Doomed from the moment when the thoughtless dawn’s
Fatal initiative brought it to view,
It came here to this vase, and here it glows
For us, and it is yours and mine, this rose,
But it is also you and I. Two lives
United only for a time, it thrives –
Spreading its perfumed beauty as you do –
For just a while, and while it stays it goes:

Perfect too late for me, too soon for you.


— TLS, June 19, 2009

[ * A version of the above image was included in this page on the original clivejames.com website, and shows Johann Wolfgang von Goethe, alongside an image not of Ulrike von Levetzow as named in the caption, but instead Maria Agata Szymanowska. Goethe met the seventeen-year-old Ulrike at Marienbad in 1821 when he was 73, and whilst he was also very close to pianist and composer Szymanowska around this time, it was the seventeen-year-old Ulrike who became his great infatuation and inspired the Marienbad Elegy, the second part of his Trilogie der Leidenschaft (the third part of the trilogy was dedicated to Maria). The image below might be a more fitting choice to accompany this poem — Archive editor (SJB). ]

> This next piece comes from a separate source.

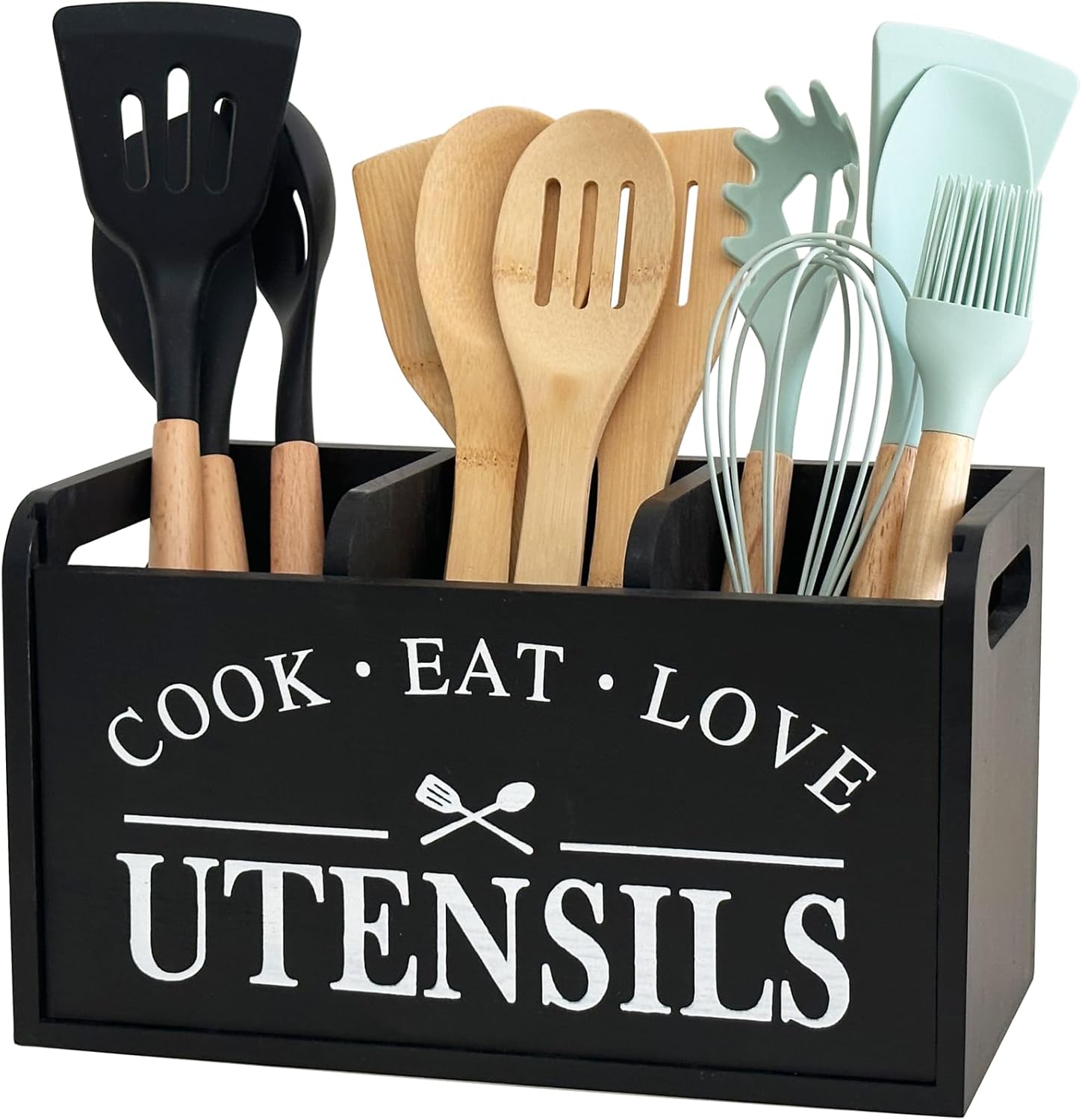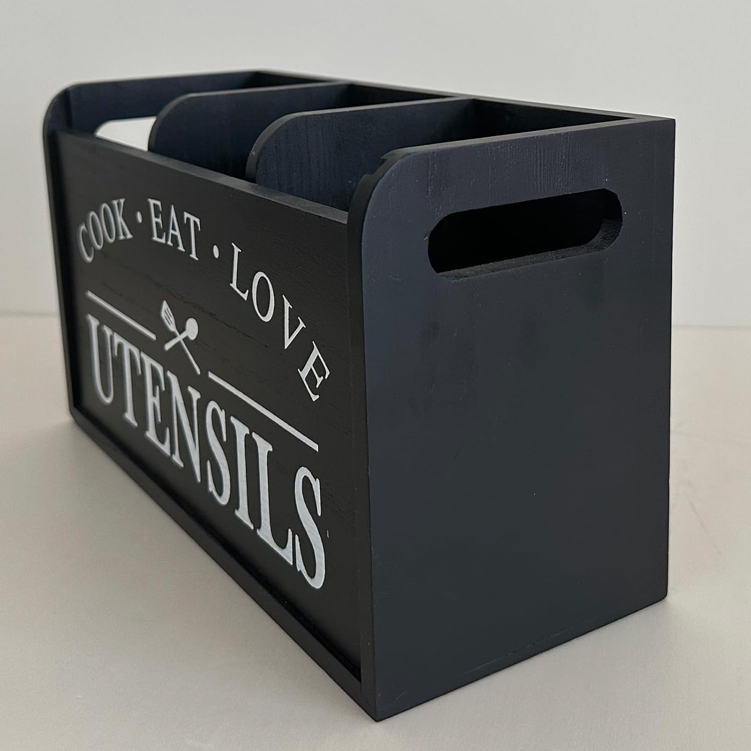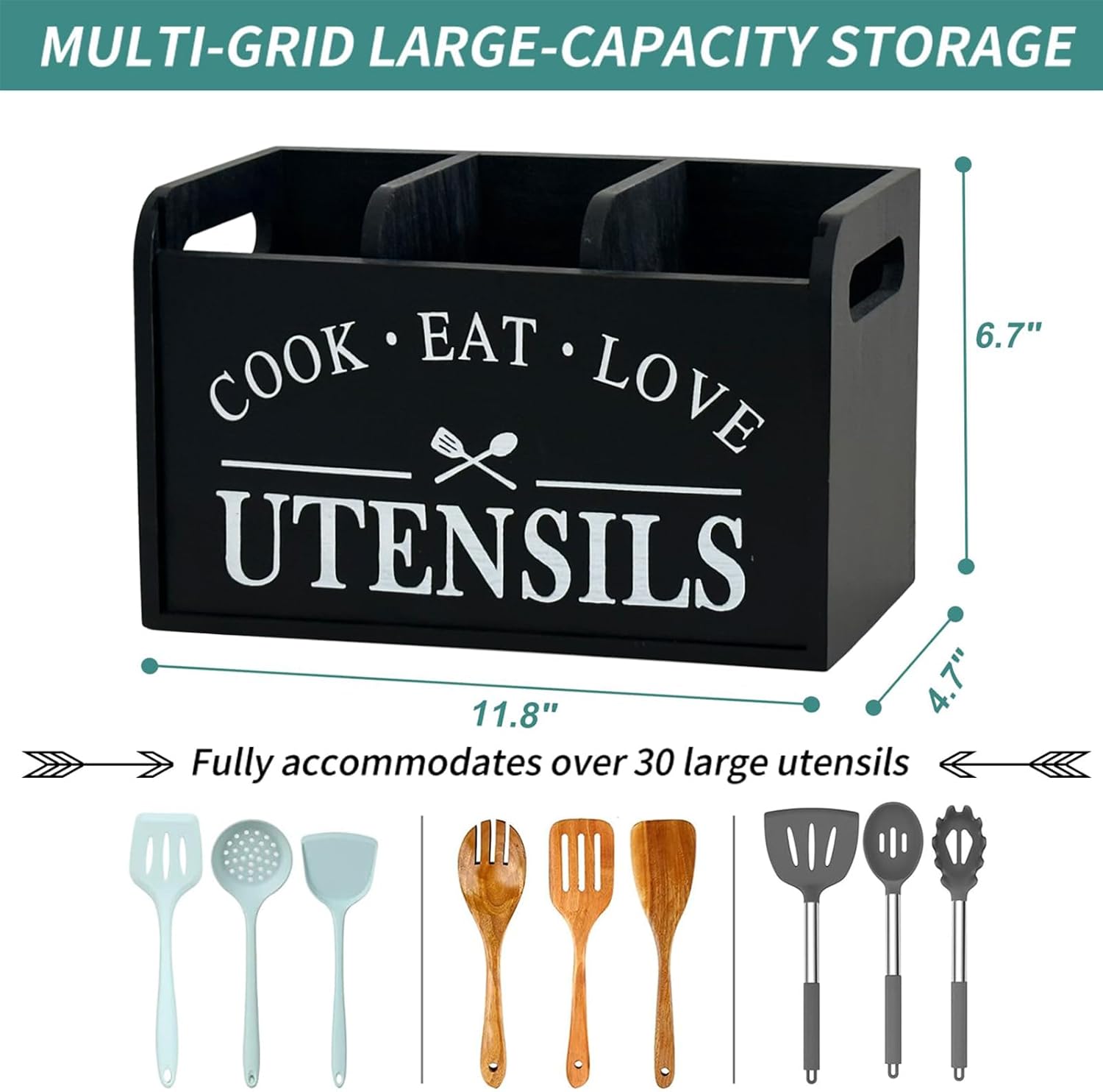 Solid Wood Farmhouse Cooking Utensils Organizer: Large Countertop Utensil Holder, 3 Compartments - Black

Note (from Collected Poems)

Young Ulrike lived to be an old lady and was many times pestered by arts-page gossip-writers (the breed was already in existence) to reveal whether she and her grand old man had ever been lovers in the technical sense. She did him the honour of playing it vague, instead of issuing a downright denial. The ageing Goethe, by his proposal of marriage, had made a tremendous fool of himself over her, but he had also written one of the great lyric poems in the German language, the Marienbad Elegy: a tribute she was perfectly capable of appreciating.